Pour la restauration d'un film mythique tel que L'Homme de Rio, TF1 Vidéo s'est engagé à proposer un nouveau master exemplaire. Dire que celui-ci fait complètement oublier le DVD sorti en 2003 par MGM est un euphémisme. Ce dernier, des plus grossièrement zoomé (mais toujours en 1.66, voir les images ci-dessous), présentait entre autres joyeusetés de nombreuses salissures, une colorimétrie peu fidèle et une définition au rabais. Cette nouvelle édition de 2013 retrouve la beauté des origines et s'offre une cure de jouvence bienvenue. En premier lieu, on a droit à une copie superbement immaculée et harmonieuse, après restauration des divers éléments épars retrouvés et traités par les équipes de TF1 Droits Audiovisuels et TF1 Vidéo.

Conjointement à cette propreté exemplaire, nous sommes ravis de pouvoir visionner un master respectueux du grain cinéma d'origine, auquel aucun effet spécial destructeur n'a heureusement été appliqué - un aspect qui nous préoccupe tout particulièrement sur DVDClassik. Et quand s'ajoutent à cela une excellente définition (certes variable en raison des conditions particulières de tournage) et une compression quasi parfaite, on ne peut que sauter au plafond. "Quasi parfaite" car il faut déplorer quand même une mystérieuse erreur technique de compression (à 62 min 36 s, sur un plan rapproché de Françoise Dorléac et Adolfo Celi) avec l'apparition d'un effet de macroblock très disgracieux sur une image - chose surtout visible en vidéo-projection. Sur une seule image certes, on acceptera donc d'être accusés de pinaillage mais on se devait de le relever. La luminosité du master est également à mettre au crédit de cette belle restauration.
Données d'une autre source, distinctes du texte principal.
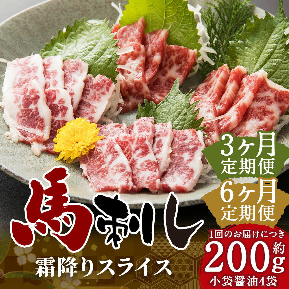 【ふるさと納税】【選べる定期便】馬刺し 霜降りスライス 3ヶ月定期便 / 6ヶ月定期便 1回のお届けにつき約200g 約100g×2パック 醤油4袋 馬刺し 霜降り スライス済み 馬肉 刺身 おつまみ 冷凍 送料無料
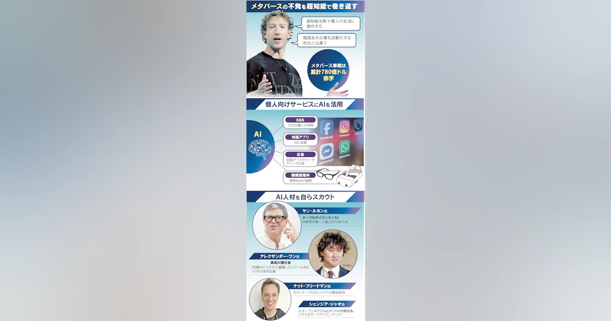 「超知能」傾倒、メタに焦り メタバース累計赤字11兆円、生成AIも遅れ スター人材引き抜き - 日本経済新聞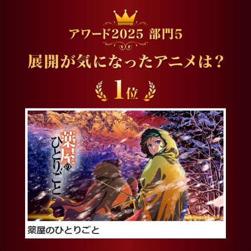 国内最大級(※1)の7,200作品以上のアニメが見放題(※2)の「dアニメストア」( https://animestore.docomo.ne.jp/ )では、昨年もたくさんの傑作アニメが配信されました。dアニメストアでは【2025年に1番○○だったアニメ】を決めるアンケートを2025年12月13日~2026年1月10日に実施。ユーザー3,700人以上の方にご回答いただき、8部門の受賞作品が決定いたしました!!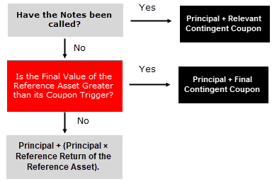 If the Notes are not called and the Final Value of the Reference Asset is greater than or equal to its Coupon Trigger, you will receive a Payment at Maturity equal to 100% of the Principal Amount plus the final Contingent Coupon.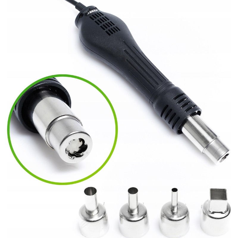 Stacja lutownicza na gorące powietrze (hot-air) oraz lutownicę grotową, urządzenie służy do lutowania i wylutowywania elementów w elektronice, sprawdzi się zarówno dla hobbistów, jak i profesjonalnych warsztatów. Urządzenie charakteryzuje kompaktowa obudowa, która zajmuje niewiele miejsca.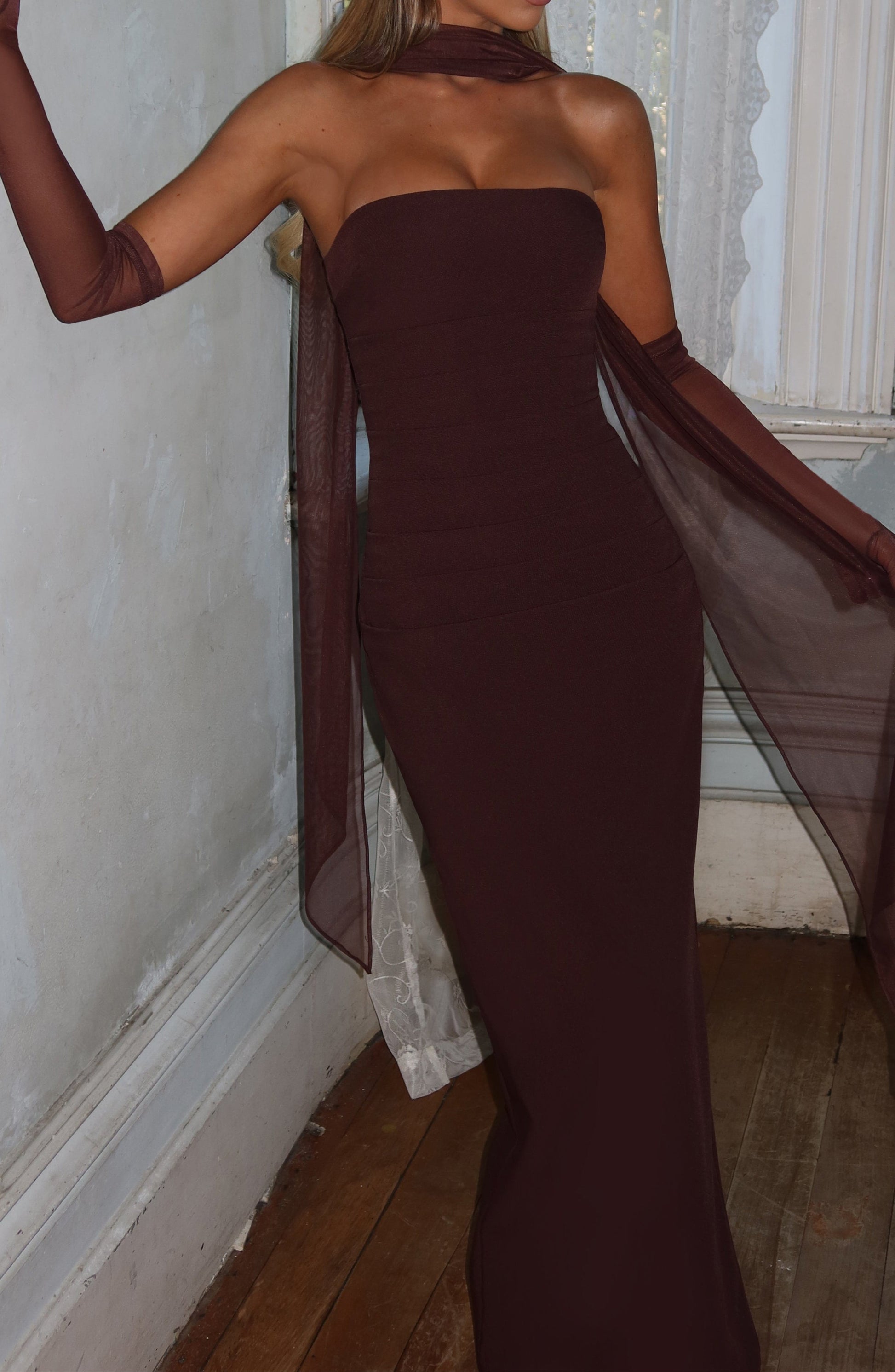 Chic & Complete Ensemble – Pair the Yulia Maxi Dress with the Eli Gloves for a coordinated, high-fashion statement. The deep Plum Brown hue and refined details make it a standout piece for weddings, galas, or any occasion where you want to make an unforgettable impression.

Une luminosité peut-être trop poussée, car cohabitent avec elle des contrastes qui manquent de profondeur, les noirs n'étant pas tout à fait noirs. Enfin, si les couleurs se montrent enfin à leur avantage, vaillantes et régulièrement saturées, on doit noter la présence - plus ou moins accentuée selon les scènes - d'une dominante jaune. On ira là aussi probablement chercher la cause dans les conditions de tournage et le choix de la pellicule d'origine. Les dernières copies en circulation du film (à la télévision ou sur le DVD de 2003) nous avaient sans doute également habitués à une vision non fidèle de la colorimétrie originale de ce film. Il n'en reste pas moins que certains spectateurs pourraient se montrer un peu gênés par cette dominante ; cela dit, le résultat n'est pas toujours le même selon les diffuseurs et cet aspect en vidéo-projection n'est pas réellement incommodant. En conclusion, si notre regard se veut toujours aussi pointilleux, on ne peut que témoigner de notre admiration globale devant le travail impressionnant accompli sur l'image par TF1 Droits Audiovisuels et TF1 Vidéo.

Son

Comparativement à l'excellente impression que nous a produite la partie image, la partie son du Blu-ray se révèle plutôt décevante. A vrai dire, la piste sonore s'avère le parent pauvre de la restauration exemplaire de L'Homme de Rio. Une fois que cela a été dit, et avant de monter sur ses grands chevaux, il faut tout de suite en expliquer les raisons fort logiques. Il faut savoir que le film a été tourné avec un simple son témoin, sur lequel on entend le vrombissement insupportable du moteur de la caméra Caméflex qui a servi au tournage. Le choix de postsynchroniser l'ensemble avait été fait dès la mise en place du projet, ce qui apparaît évident même pour les plus néophytes des spectateurs puisque la postsynchronisation des voix produit fréquemment un décalage visible à l'oeil nu. Il fallait alors composer avec les limites techniques des studios d'enregistrement de l'époque et c'est ainsi que l'on se retrouve avec des voix suraigües, souvent mal calées et possédant une faible dynamique. Cela n'a heureusement aucune incidence sur la qualité de jeu des comédiens, mais on note souvent un manque de clarté dans les dialogues. Cela dit, il est certain que la piste sonore a été nettoyée, car on n'y relève aucun véritable défaut. De plus, les bruitages ont été refaits en studios et Stéphane Lerouge - restaurateur de bandes originales de films et responsable d’une collection au sein de Universal - a pu retrouver par miracle le mixage stéréo de la musique de Georges Delerue qui lui offre une très belle ampleur. En conclusion, on a l'impression d'écouter une bande-son un peu déséquilibrée, entre d'un côté une musique et des effets sonores de bonne qualité et de l'autre des voix effacées et nasillardes. Il faudra s'en accommoder en sachant tout de même que cela ne gêne qu'assez peu la vision du film dans son ensemble. Enfin, TF1 Vidéo propose une piste Audiodescription pour les aveugles et malvoyants, sur laquelle deux voix (un homme et une femme) se relaient pour commenter l'action entre les dialogues.

Suppléments


Les aventures d'Adrien : l'affaire Catalan (63 min -16/9 - DD 2.0 - HD - 2013)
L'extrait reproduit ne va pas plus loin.